In order to get the best dataset you should now adjudicate the potentially conflicting annotations - after all, if there's a difference, it takes the domain expert to decide what the "best" annotation is. You can do that by feeding your dataset to the review
recipe. Please check the docs to see what are the available options. For example, you could automatically accept answers which received the same annotations from all 6 annotators. For the conflicting ones, you'll be able to compare the answers, choose the best one or even manually correct the annotation.

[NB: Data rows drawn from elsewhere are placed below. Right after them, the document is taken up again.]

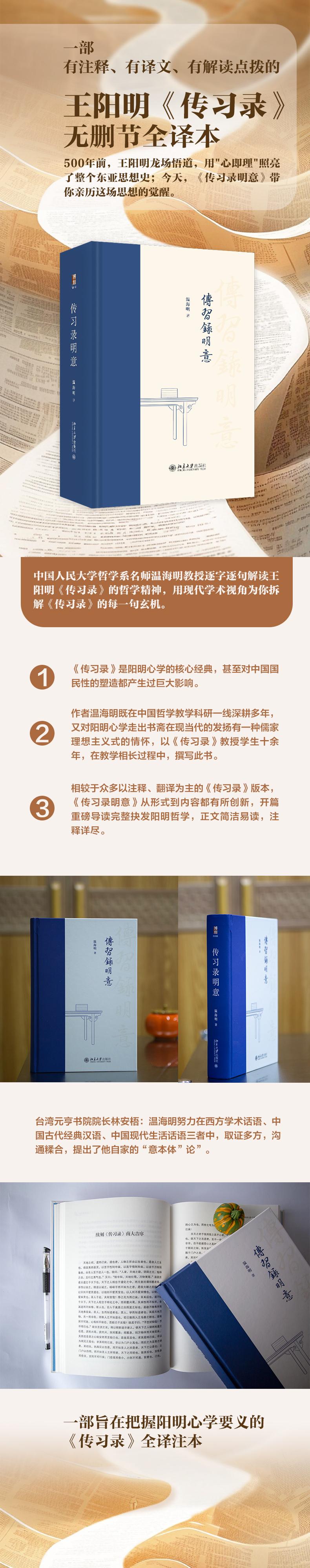《传习录》是一代大儒王阳明最重要、最有影响力的著作,也是阳明哲学思想的精华。《传习录明意》相较于众多以注释、翻译为主的《传习录》版本从形式到内容都有所创新,是一部旨在把握阳明心学要义的《传习录》全译注本。书中对必要的专业术语加以注释,以脚注方式介绍人名、引文和哲学术语的由来,必要的考证和论争说明,则引用相关原典及学术性著作,书末附有比较详尽的参考文献。导论部分介绍阳明哲学,详述王阳明以易为本、当下朗现遍在的心学思想(意哲学)。正文部分对王阳明《传习录》各卷进行全文逐字逐句的释读,并且随文夹以笺注,点出阳明心学哲理,认为心学本于易学,心学就是易意学。作者提出,王阳明以“心天之意”(心天之易)即心与天相感通之意贯通心天二者,据此可以推进心天之意的哲学建构,实现从心本体过渡到意本体的哲学范式转变,进而完成意本论哲学的体系性建构。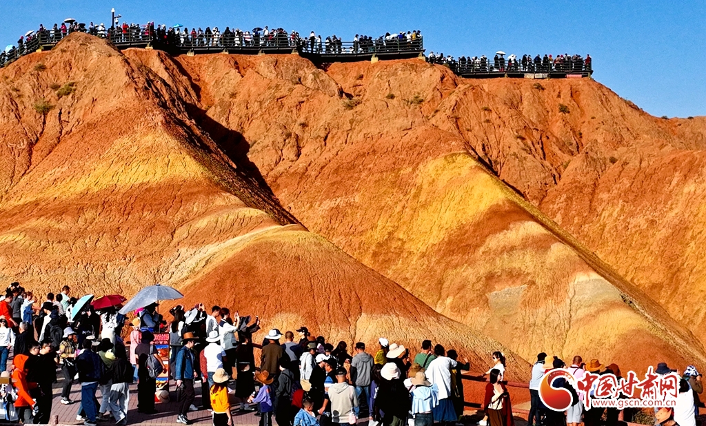 9月30日,甘肅張掖七彩丹霞景區(qū)內(nèi)人頭攢動(dòng),全國各地的游客紛至沓來,欣賞獨(dú)特的丹霞地貌,領(lǐng)略西北壯美景色。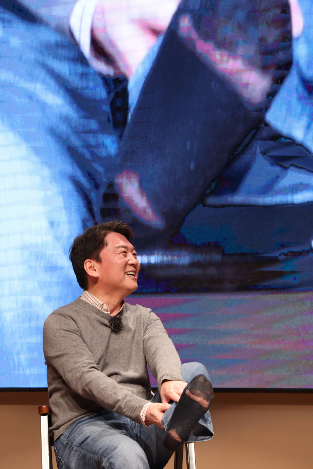 이에 대해 안 의원은 "사실 보여주고 싶지 않았는데 많은 분들이, 청중까지 포함해서 보여달라고 말씀하셔서 할 수 없이 보여드렸다"며 "저는 사실 (헤진 양말을) 보여드리는 게 목적이 아니고 물건들을 아껴쓰고 모은 재산 1500억 원을 기부했다는 말을 드리고 싶었다"고 했다.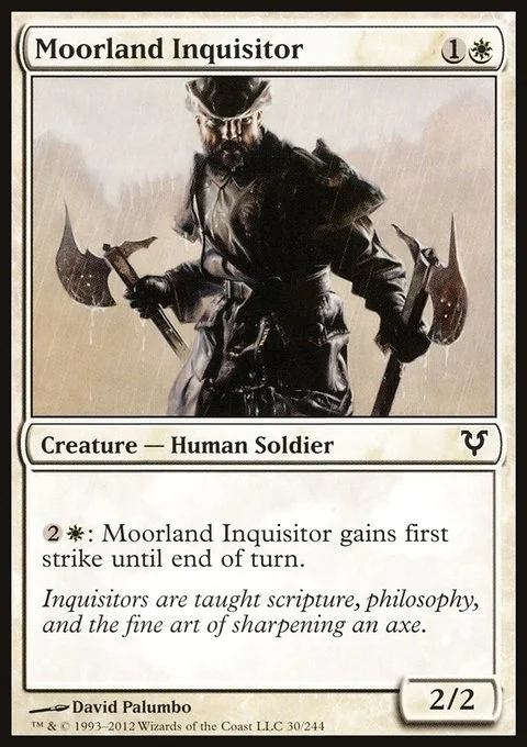 {2}{W}: Moorland Inquisitor gains first strike until end of turn. (It deals combat damage before creatures without first strike.)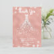 Tack för den moderna möhippan med ett rosa, trendig ro guld färg-program - "Tack" överst i modern text. Center är en vacker, faux diamant gemstones formella klänning i bröllop. Ett tack i modern skrift. Personlig med framtida bruds namn nedan för att matcha stil. Populär, faux-ro-guld-bakgrund med stora vita, genomskinliga champagnebubblor spridda överst och grund. Baksidan har samma faux ro guld-folie med vita punkter gräns överst och grund. möhippan i eleganten är ett tack för redot att vara personlig med dina egna detaljer. Vi har samordnat ro guld möhippa inbjudan och bröllop i vår Zazzle.com/angela65*-butik.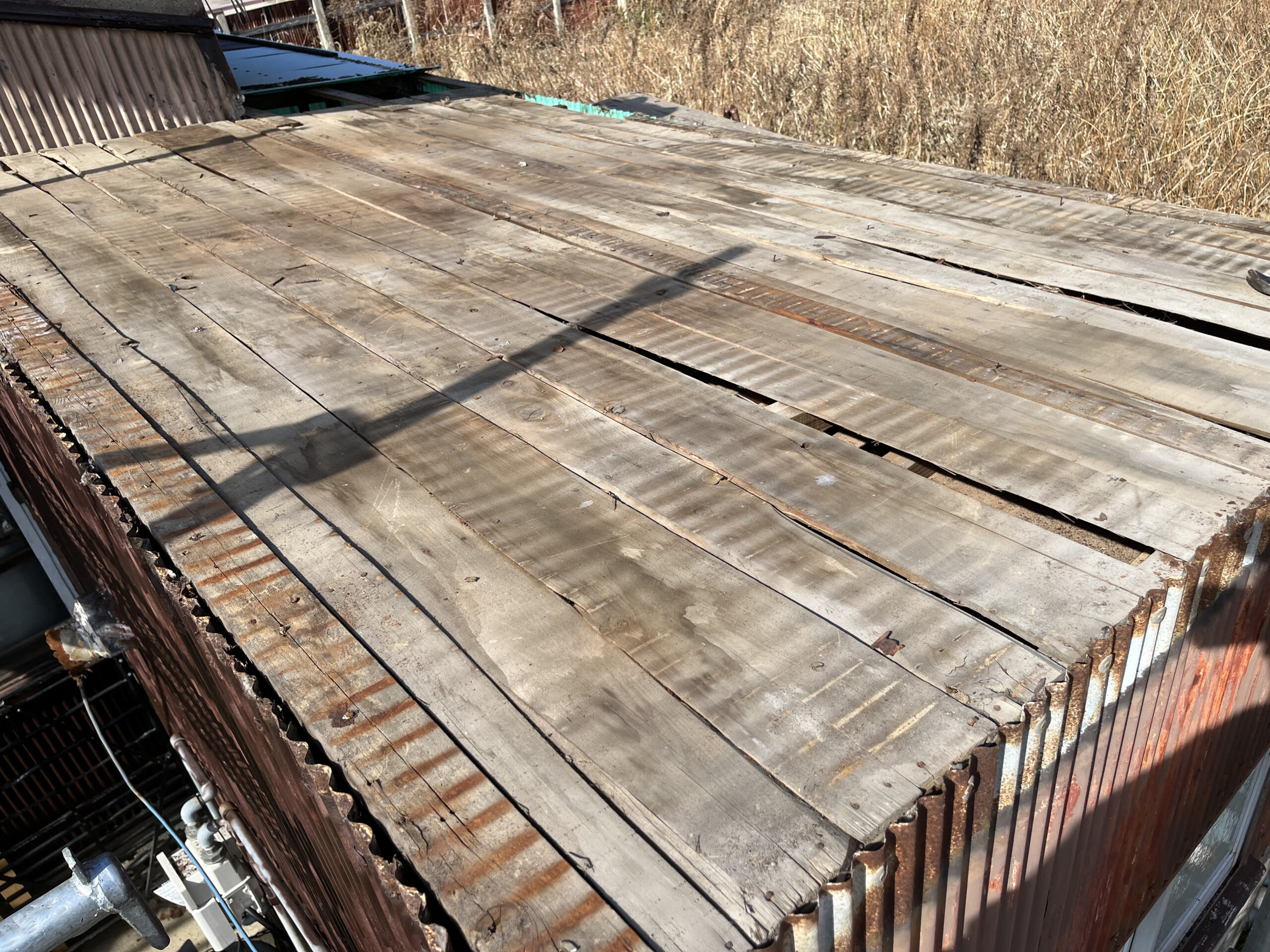 防水シートのさらに下にある、屋根の土台となる木の板です。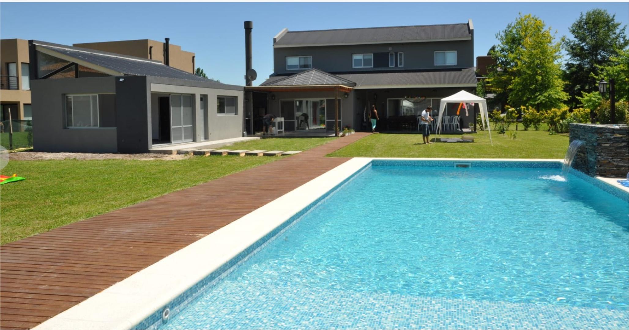 Casa 6 ambientes moderna y luminosa de 300m2 cubiertos y 60m2 semicubiertos. Se encuentra sobre un lote central de 1500m2, a sólo 100m del ingreso principal y piletas de natación, SUM y plazas. La casa cuenta con todos los servicios, está amueblada al detalle con primeras marcas de electrodomésticos y el barrio posee muchos amenities ideales para familias.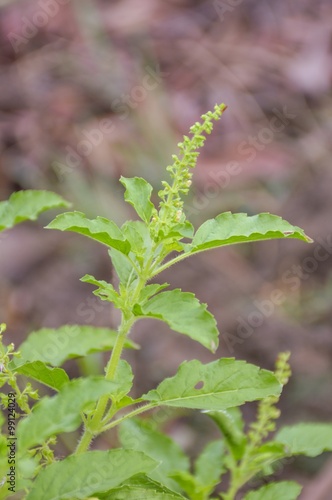 Naklejka premium sweet basil tree in vegetable garden

Having the data annotated by multiple annotators is also a great opportunity to measure the inter-annotator agreement (IAA), which is indicative of how consistent your annotations are and what you can expect from the machine learning model trained on this dataset. Please see out docs on IAA for more details.
HI @magdaaniol
Thank you for your suggestions.
Hi @magdaaniol,
Is the review
recipe still not supporting the blocks
annotations? Sometimes I use the custom recipe to annotate both POS Tagging and NER with multiple annotators via a task routing, and want to review the results at the same time using one user interface.
Hi @sigitpurnomo,
The review
UI is actually meant to work with one view_id
at a time. Rendering the diff between two different annotation tasks and multiple annotator could get really illegible otherwise.
Would doing one review per view_id
be a solution in your case?
The --view_id
parameter let's you specify which view_id
from your blocks should be selected for review.